Task item
Beginning at the line that contains "Light Aqua Fiesta Suit With Zari Work", repeat each line exactly through the last one of the records below, and leave out the pictures.

Information shown
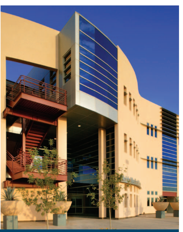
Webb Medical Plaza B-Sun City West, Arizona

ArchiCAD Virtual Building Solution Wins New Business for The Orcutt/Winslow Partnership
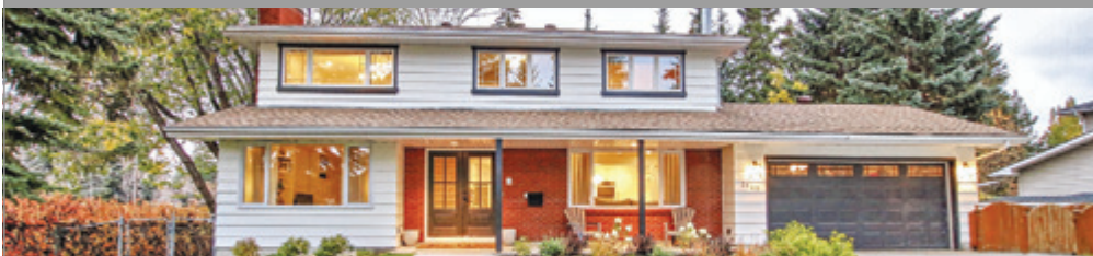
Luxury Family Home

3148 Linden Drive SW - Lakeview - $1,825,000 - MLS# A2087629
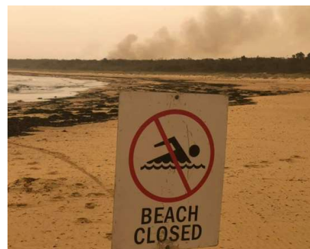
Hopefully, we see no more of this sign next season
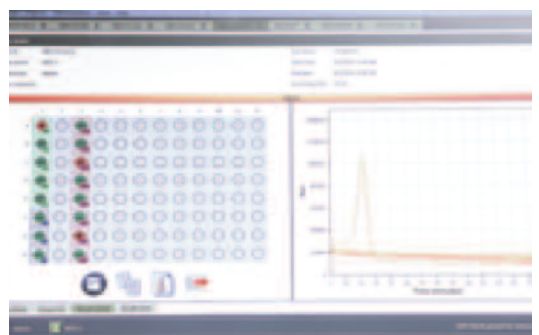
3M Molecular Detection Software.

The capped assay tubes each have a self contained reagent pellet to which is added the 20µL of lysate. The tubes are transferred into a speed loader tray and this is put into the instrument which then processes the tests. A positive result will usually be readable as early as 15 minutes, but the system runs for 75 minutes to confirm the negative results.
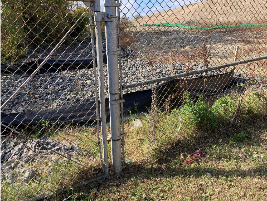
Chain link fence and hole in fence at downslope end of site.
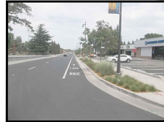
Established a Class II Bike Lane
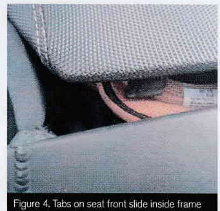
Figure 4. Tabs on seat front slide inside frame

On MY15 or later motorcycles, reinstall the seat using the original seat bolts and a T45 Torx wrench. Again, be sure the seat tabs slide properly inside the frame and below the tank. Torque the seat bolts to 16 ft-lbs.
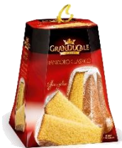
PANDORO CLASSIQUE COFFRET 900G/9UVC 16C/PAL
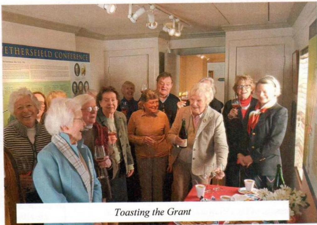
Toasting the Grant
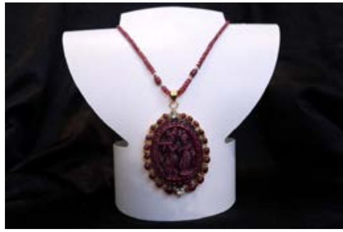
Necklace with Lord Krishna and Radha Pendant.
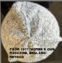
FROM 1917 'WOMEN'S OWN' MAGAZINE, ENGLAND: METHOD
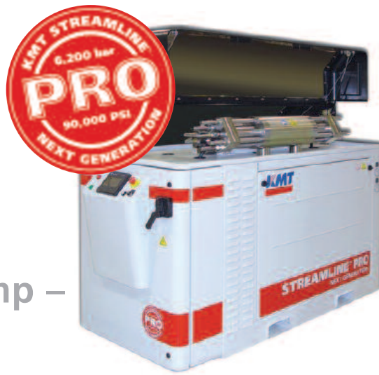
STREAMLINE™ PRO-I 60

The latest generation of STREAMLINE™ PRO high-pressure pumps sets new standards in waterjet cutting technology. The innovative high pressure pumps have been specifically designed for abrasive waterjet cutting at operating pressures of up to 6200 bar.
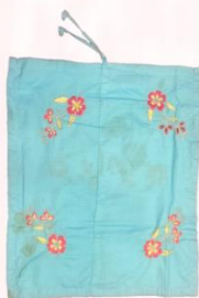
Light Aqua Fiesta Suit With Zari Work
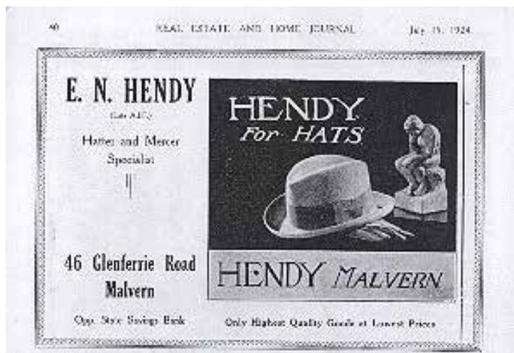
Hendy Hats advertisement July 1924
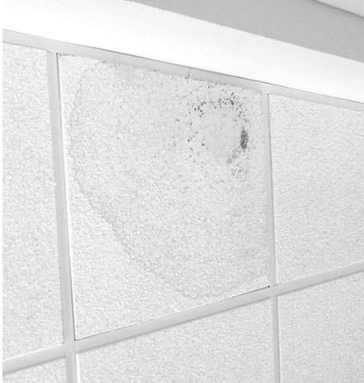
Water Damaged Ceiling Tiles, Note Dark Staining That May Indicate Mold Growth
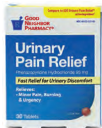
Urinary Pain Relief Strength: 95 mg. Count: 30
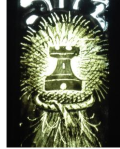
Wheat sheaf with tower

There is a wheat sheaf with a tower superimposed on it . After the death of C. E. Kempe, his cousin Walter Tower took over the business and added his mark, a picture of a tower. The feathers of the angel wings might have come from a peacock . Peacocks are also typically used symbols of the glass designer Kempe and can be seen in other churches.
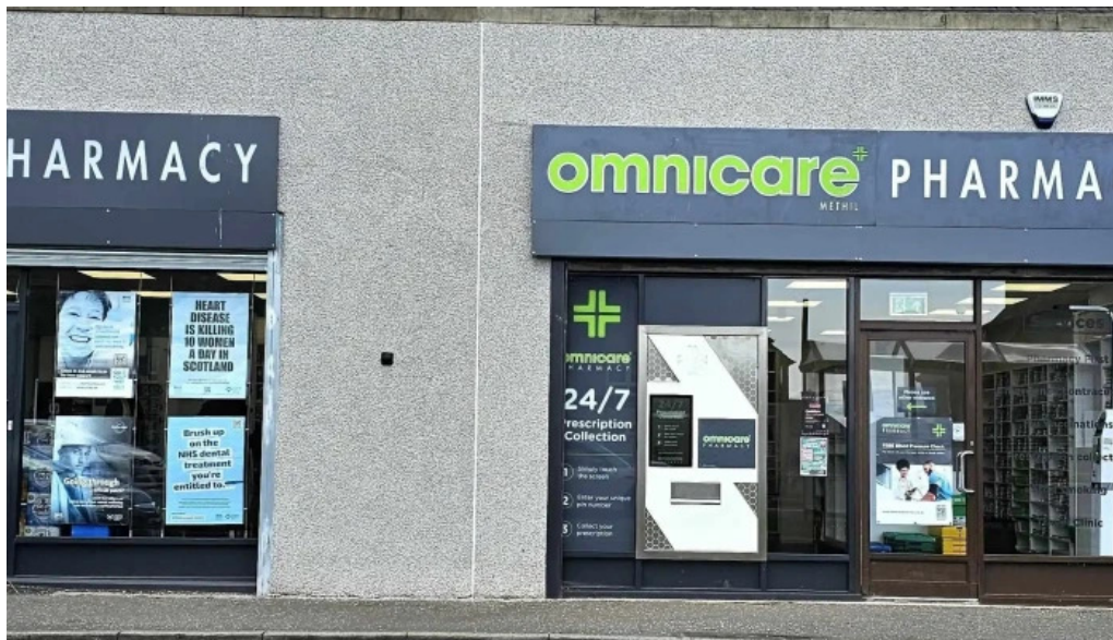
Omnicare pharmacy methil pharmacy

Expected output
Light Aqua Fiesta Suit With Zari Work
Hendy Hats advertisement July 1924
Water Damaged Ceiling Tiles, Note Dark Staining That May Indicate Mold Growth
Urinary Pain Relief Strength: 95 mg. Count: 30
Wheat sheaf with tower

There is a wheat sheaf with a tower superimposed on it . After the death of C. E. Kempe, his cousin Walter Tower took over the business and added his mark, a picture of a tower. The feathers of the angel wings might have come from a peacock . Peacocks are also typically used symbols of the glass designer Kempe and can be seen in other churches.
Omnicare pharmacy methil pharmacy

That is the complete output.